A global and regional analysis was performed on all medicines collected and tested from 2003 to 2012, using the data that are publicly available in MQDB with the addition of unpublished information detailing reasons for failure, and additional data from 2013, which has not yet been publically released. The study team collated all results using Microsoft Excel 2010 to produce descriptive statistics.
Results
Distribution of samples.
For the period of 2003–2013, data were compiled on 15,063 medicine samples collected and tested in 17 countries throughout Africa,‡ Asia,¶ and South America.§ As shown in Table 1, data collected during the period 2003–2007 were almost exclusively from Asia. Submission of data from medicines quality monitoring (MQM) activities in South America and Africa began in 2008 and 2009, respectively. None of the 17 countries, with the exception of Cambodia, have consistently collected and tested medicines between 2003 and 2013. Thailand and Peru were the least consistent in reporting data to MQDB.
Table 1.
Country | 2003 | 2004 | 2005 | 2006 | 2007 | 2008 | 2009 | 2010 | 2011 | 2012 | 2013 |
---|---|---|---|---|---|---|---|---|---|---|---|
Asia | |||||||||||
Cambodia | X | – | X | X | X | X | B | X | X | X | – |
Vietnam | X | X | X | X | X | X | X | X | X | B | B |
Laos | X | X | X | X | X | X | X | B | B | ||
Thailand | – | X | X | – | – | X | X | – | – | B | – |
Philippines | – | – | – | – | – | – | X | X | B | B | – |
Indonesia | – | – | – | – | – | – | – | – | – | – | B |
Myanmar | – | – | – | – | – | – | – | – | – | – | B |
China (Yunnan Province) | – | – | X | – | – | – | – | – | – | – | – |
Africa | |||||||||||
Ghana | – | – | – | – | – | – | X | X | X | B | B |
Kenya | – | – | – | – | – | – | – | X | B | B | – |
Mozambique | – | – | – | – | – | – | – | – | – | X | B |
Liberia | – | – | – | – | – | – | – | – | – | – | B |
Ethiopia | – | – | – | – | – | – | – | – | – | X | B |
South America | |||||||||||
Guyana | – | – | – | – | – | X | X | X | X | – | – |
Peru | – | – | – | – | – | X | – | X | – | – | – |
Colombia | – | – | – | – | – | X | X | X | – | – | – |
Ecuador | – | – | – | – | – | – | X | – | – | – | – |
B = data submitted and analyzed for this paper; however, as of July 2014, the data were not yet entered into medicines quality database (MQDB), and therefore were not publicly available.
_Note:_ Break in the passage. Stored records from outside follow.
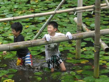 4年生 宿泊学習1日目 池遊び(2)〜池ジャングル〜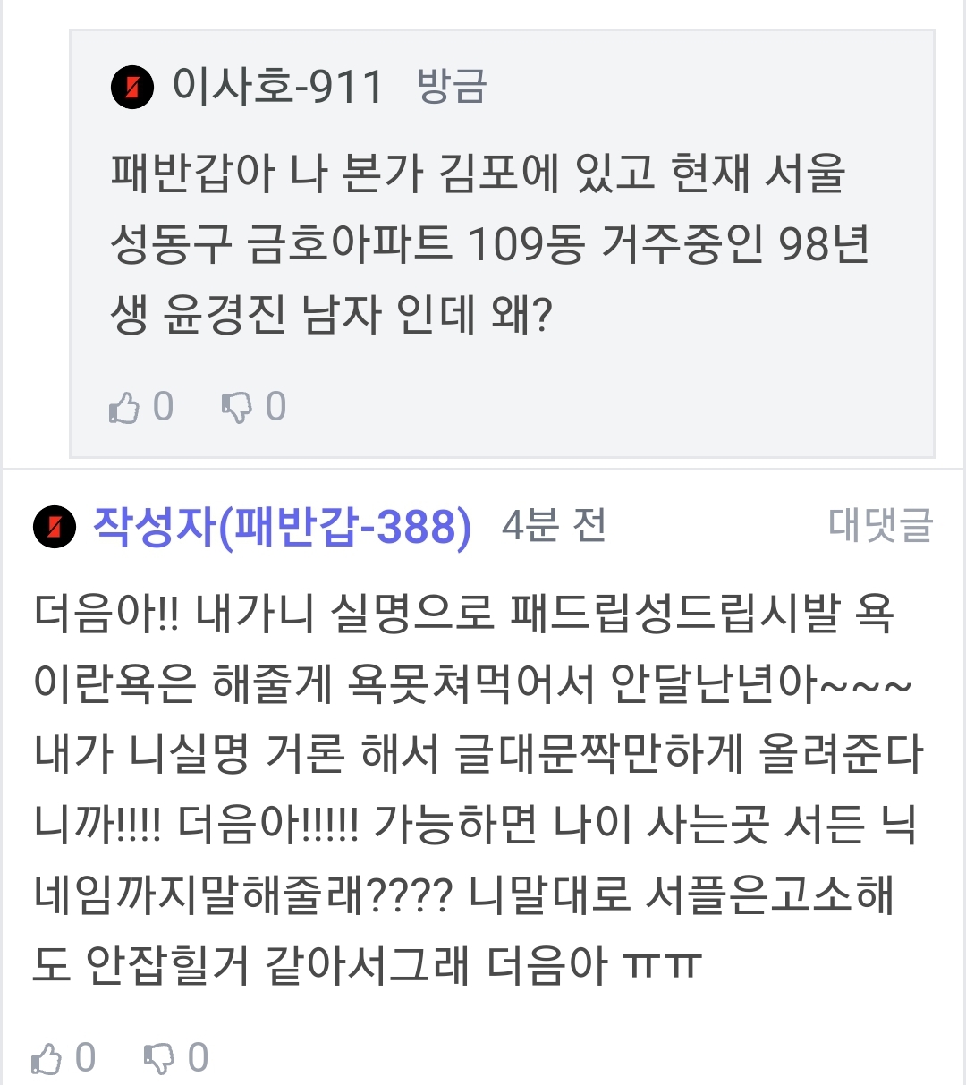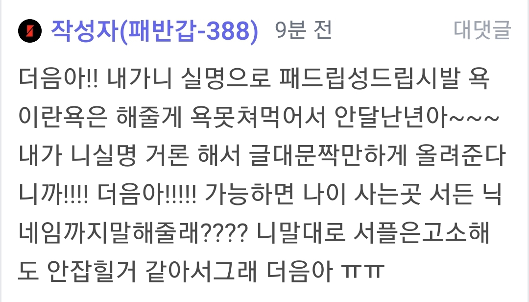 주작같으면 욕이라도 찌끄려봐 ㅋㅋㅋㅋㅋㅋㅋㅋㅋ 어차피 고소 안될텐데 ?^^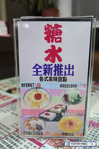 不過放在桌上的菜單也夠琳瑯滿目了,看是要吃粥、飯、麵、湯,還是港式燒臘、點心,也有三明治麵包類的主食,熱炒、煲仔菜類,當然不能錯過的還有甜點糖水類和港式飲品啦!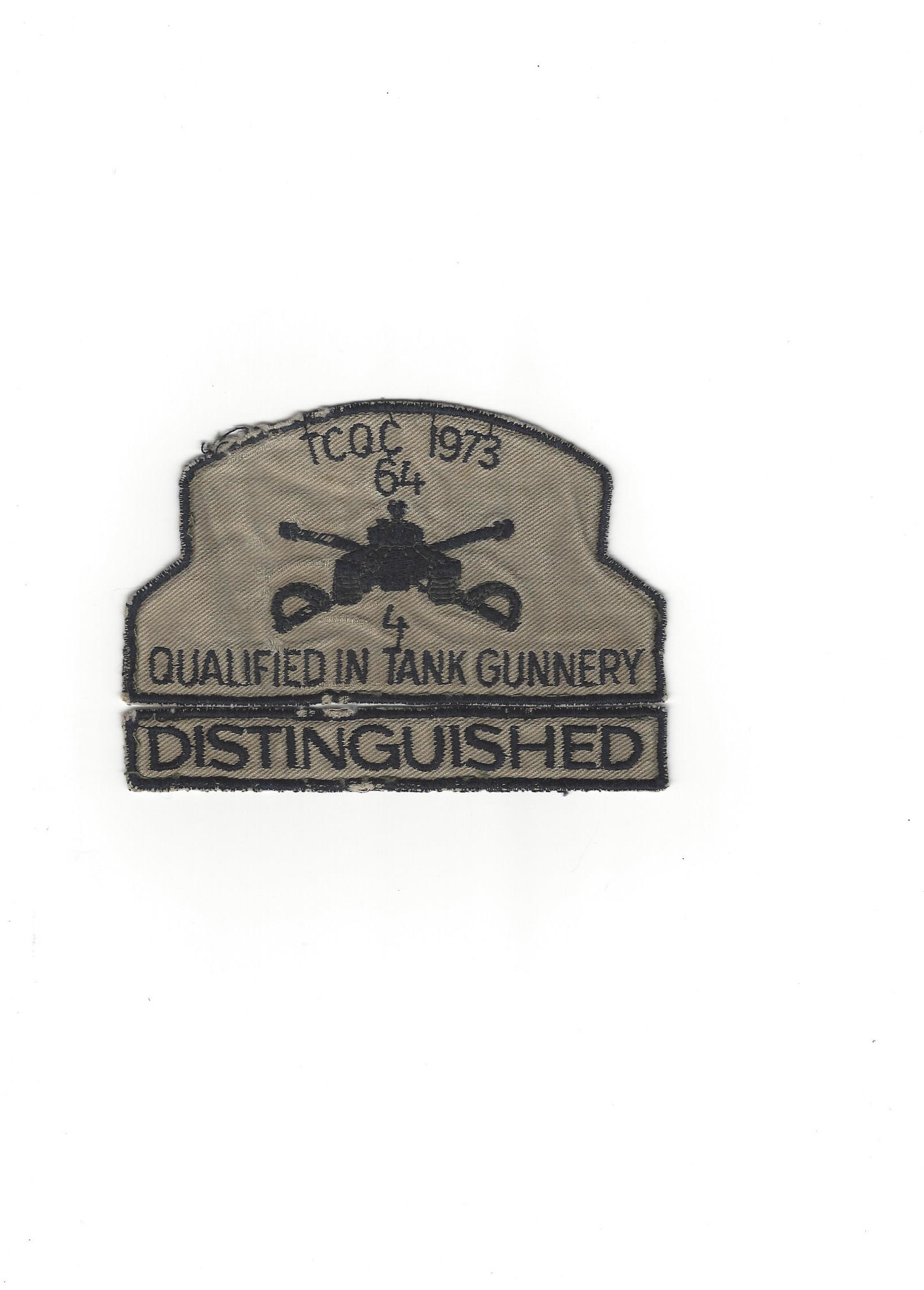 4th Bn, 64th Armor 1974 Qualified TCQC patch with "Distinguished" tab (3rd Inf Div(M)). German made, embroidered on twill with a standard edge. Not in ASMIC catalog, but illustrated in an article in THE TRADING POST. See SFC John Huffman, "Qualification Insignia," THE TRADING POST, (Jan-Mar 1974), p. 69.

Figure 1 and Table 2 show the distribution of data spanning the period of 2003–2013 by region. Of the total 15,063 samples, 71.3% were from Asia, 22.4% from Africa, and 6.3% from South America. As shown in Figure 2 , antimalarial medicines represent about half of the entries in the database.
Table 2.
Region | Total samples | Number of substandard samples | Substandard rate (%) |
---|---|---|---|
Africa | 3,371 | 350 | 10.4 |
Asia | 10,737 | 307 | 2.9 |
South America | 955 | 110 | 11.5 |
Number of substandard samples and rate are indicated.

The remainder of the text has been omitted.